__TASK TO CARRY OUT__: The output should be the listing below, limited to the lines from the one with "5. 如图,点D,E分别在线" through the one with "Zurück auf dem", exact and without pictures.

__INFORMATION GIVEN__:

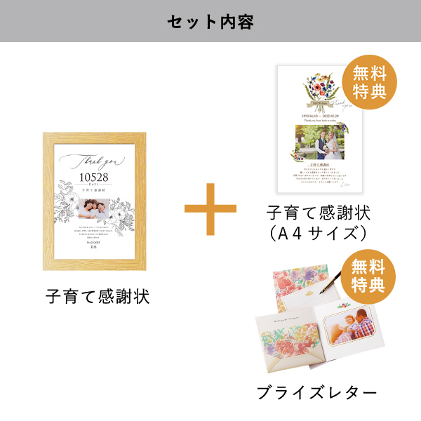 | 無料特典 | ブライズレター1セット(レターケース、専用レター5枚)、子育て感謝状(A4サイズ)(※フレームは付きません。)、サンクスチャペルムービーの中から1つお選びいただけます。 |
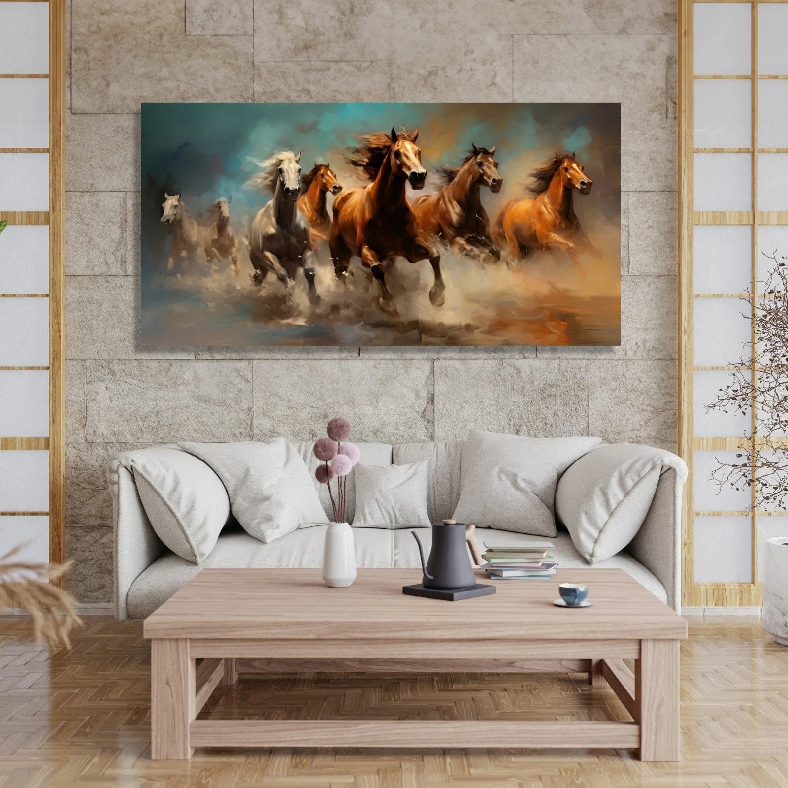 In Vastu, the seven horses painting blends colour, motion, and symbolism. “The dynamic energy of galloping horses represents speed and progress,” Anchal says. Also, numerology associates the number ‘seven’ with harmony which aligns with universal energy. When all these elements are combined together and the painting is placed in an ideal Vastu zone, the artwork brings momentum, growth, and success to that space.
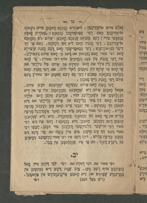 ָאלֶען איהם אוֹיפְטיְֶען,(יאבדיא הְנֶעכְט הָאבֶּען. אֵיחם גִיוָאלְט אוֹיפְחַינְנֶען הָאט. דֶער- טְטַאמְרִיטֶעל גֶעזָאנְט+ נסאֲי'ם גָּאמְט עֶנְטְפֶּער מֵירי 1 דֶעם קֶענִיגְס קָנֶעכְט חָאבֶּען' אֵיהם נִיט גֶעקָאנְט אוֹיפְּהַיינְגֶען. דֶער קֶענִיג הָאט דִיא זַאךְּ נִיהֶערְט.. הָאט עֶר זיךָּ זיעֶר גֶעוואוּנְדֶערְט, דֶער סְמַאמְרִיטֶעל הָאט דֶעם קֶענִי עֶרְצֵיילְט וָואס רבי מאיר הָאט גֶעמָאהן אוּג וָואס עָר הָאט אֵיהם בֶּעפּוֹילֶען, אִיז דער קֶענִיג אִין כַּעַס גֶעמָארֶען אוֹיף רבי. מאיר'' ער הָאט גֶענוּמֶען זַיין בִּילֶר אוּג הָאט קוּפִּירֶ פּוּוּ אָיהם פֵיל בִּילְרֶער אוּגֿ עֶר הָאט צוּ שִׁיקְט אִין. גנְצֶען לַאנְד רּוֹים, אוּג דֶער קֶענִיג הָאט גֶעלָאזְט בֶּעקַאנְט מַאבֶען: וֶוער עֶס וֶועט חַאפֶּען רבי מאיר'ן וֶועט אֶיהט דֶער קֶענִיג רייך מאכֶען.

* * *

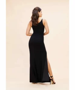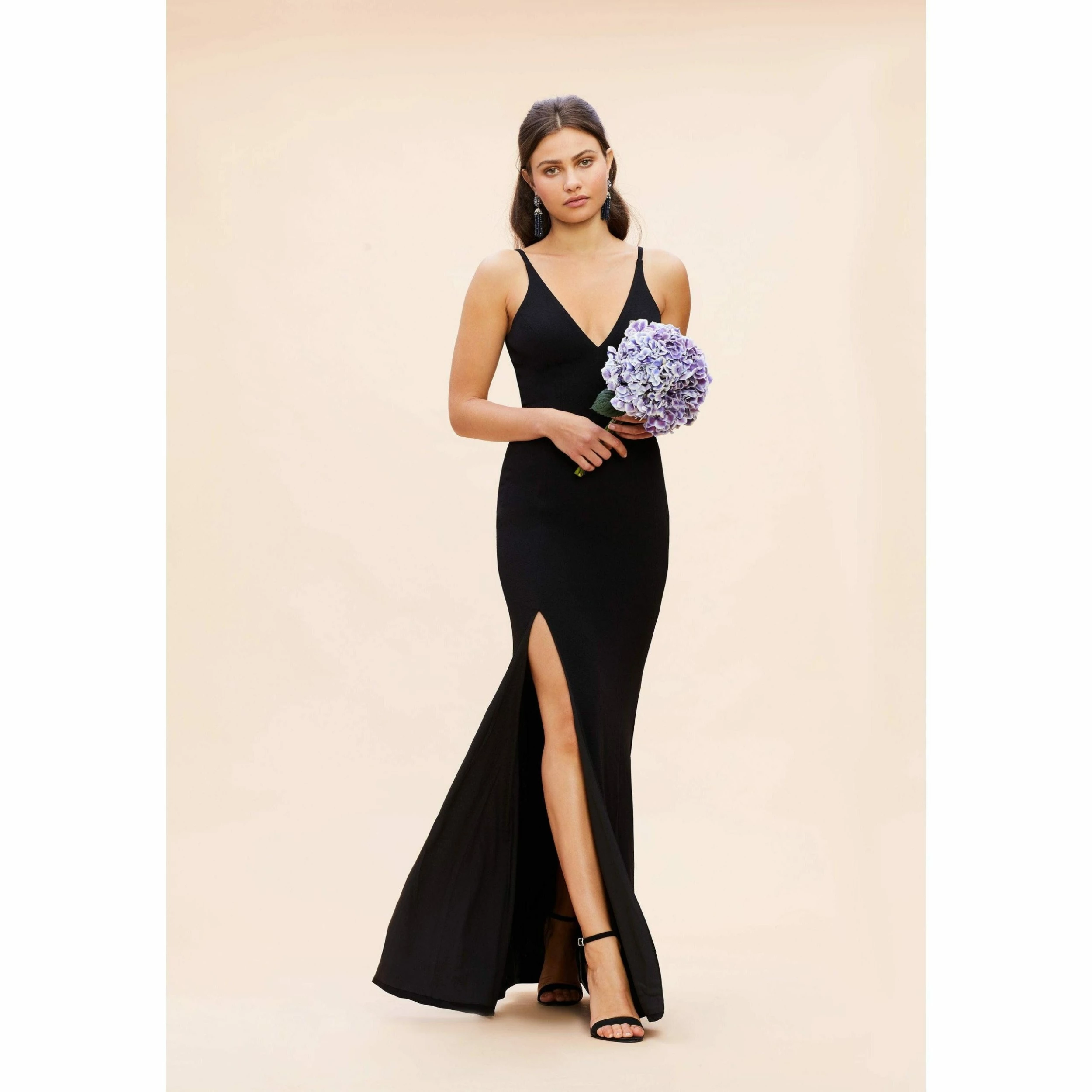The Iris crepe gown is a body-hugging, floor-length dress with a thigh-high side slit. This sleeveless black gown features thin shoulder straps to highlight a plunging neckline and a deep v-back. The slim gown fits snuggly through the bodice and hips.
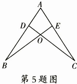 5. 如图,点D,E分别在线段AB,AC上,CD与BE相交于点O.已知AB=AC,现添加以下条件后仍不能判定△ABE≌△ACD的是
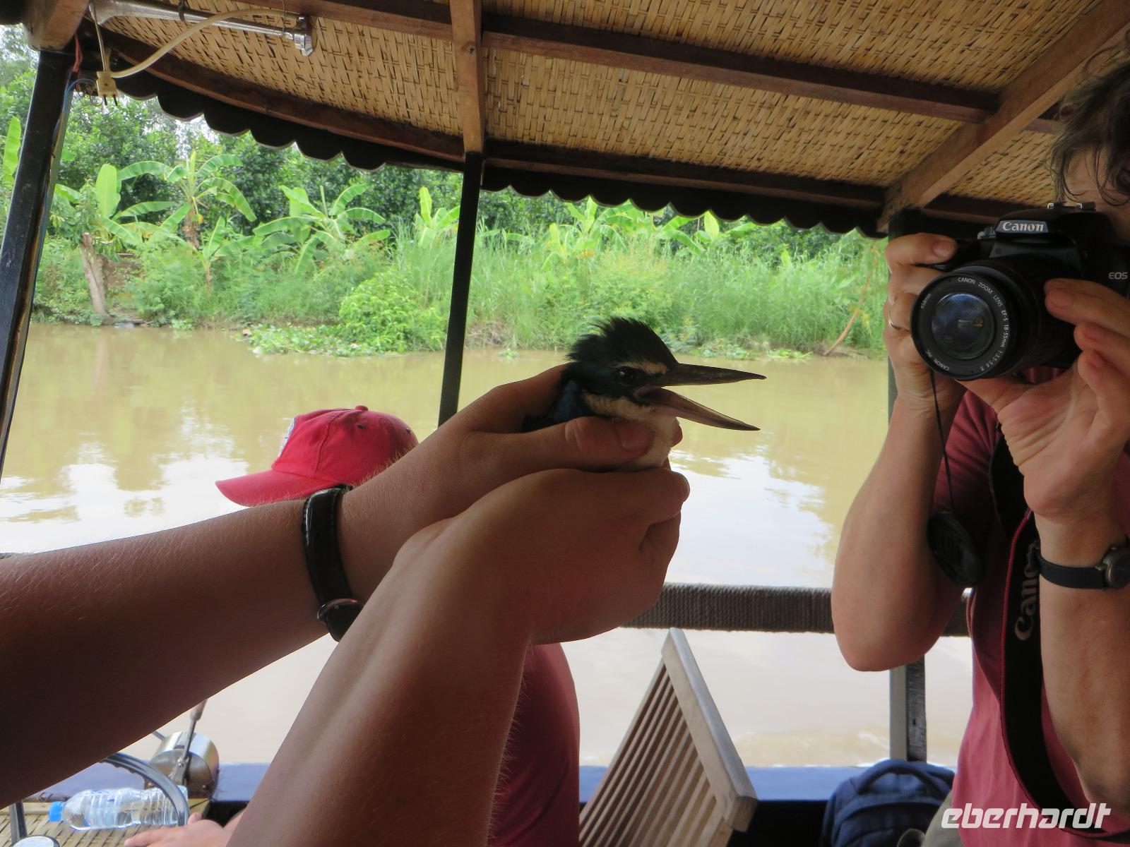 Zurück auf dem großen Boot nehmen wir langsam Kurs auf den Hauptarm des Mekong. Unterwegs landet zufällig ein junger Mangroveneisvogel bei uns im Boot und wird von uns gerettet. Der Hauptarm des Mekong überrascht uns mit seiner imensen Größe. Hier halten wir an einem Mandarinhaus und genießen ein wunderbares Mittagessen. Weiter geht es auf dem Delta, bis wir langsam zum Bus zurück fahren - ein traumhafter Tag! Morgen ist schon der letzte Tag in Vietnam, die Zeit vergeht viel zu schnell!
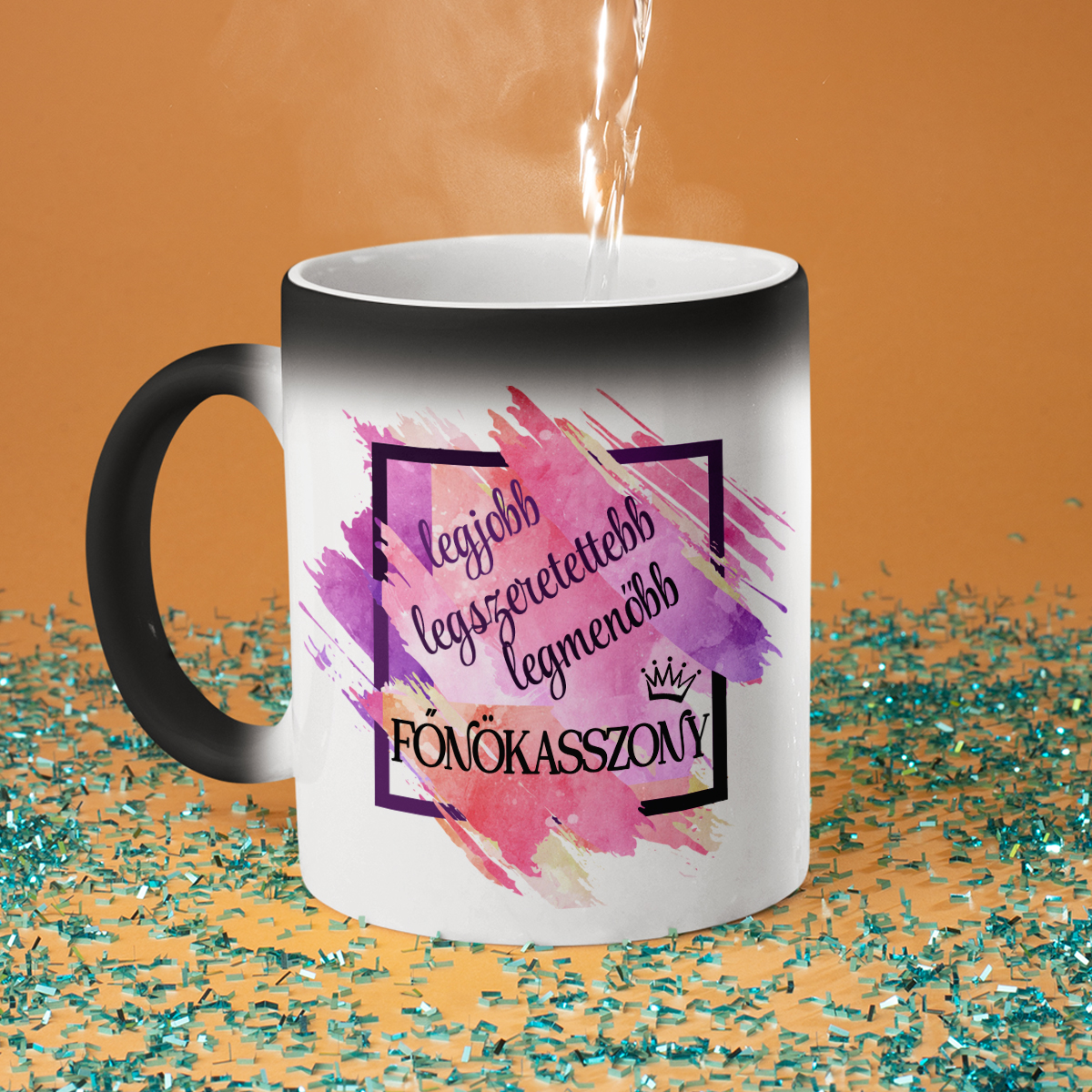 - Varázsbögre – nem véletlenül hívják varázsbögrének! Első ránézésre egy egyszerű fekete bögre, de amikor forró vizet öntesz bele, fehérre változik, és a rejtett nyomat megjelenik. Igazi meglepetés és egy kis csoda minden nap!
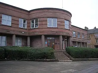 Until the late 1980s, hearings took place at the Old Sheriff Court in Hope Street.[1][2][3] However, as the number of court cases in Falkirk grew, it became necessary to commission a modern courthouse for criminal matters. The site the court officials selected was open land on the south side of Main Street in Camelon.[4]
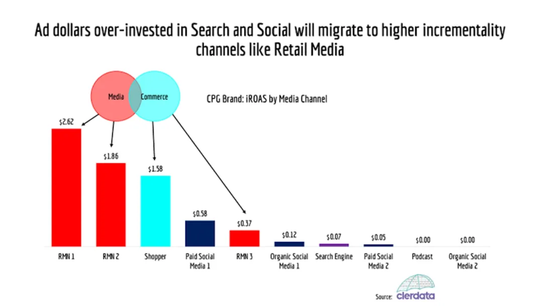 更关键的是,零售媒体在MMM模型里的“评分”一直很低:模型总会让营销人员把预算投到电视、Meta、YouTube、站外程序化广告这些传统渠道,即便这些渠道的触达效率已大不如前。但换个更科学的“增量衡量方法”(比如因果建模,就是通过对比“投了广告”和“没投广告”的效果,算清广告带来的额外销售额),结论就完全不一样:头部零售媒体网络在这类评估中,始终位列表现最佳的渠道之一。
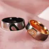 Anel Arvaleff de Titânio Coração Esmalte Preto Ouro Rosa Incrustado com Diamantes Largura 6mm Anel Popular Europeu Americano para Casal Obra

__SOLUTION TO THE PROBLEM__:
 5. 如图,点D,E分别在线段AB,AC上,CD与BE相交于点O.已知AB=AC,现添加以下条件后仍不能判定△ABE≌△ACD的是
 Zurück auf dem großen Boot nehmen wir langsam Kurs auf den Hauptarm des Mekong. Unterwegs landet zufällig ein junger Mangroveneisvogel bei uns im Boot und wird von uns gerettet. Der Hauptarm des Mekong überrascht uns mit seiner imensen Größe. Hier halten wir an einem Mandarinhaus und genießen ein wunderbares Mittagessen. Weiter geht es auf dem Delta, bis wir langsam zum Bus zurück fahren - ein traumhafter Tag! Morgen ist schon der letzte Tag in Vietnam, die Zeit vergeht viel zu schnell!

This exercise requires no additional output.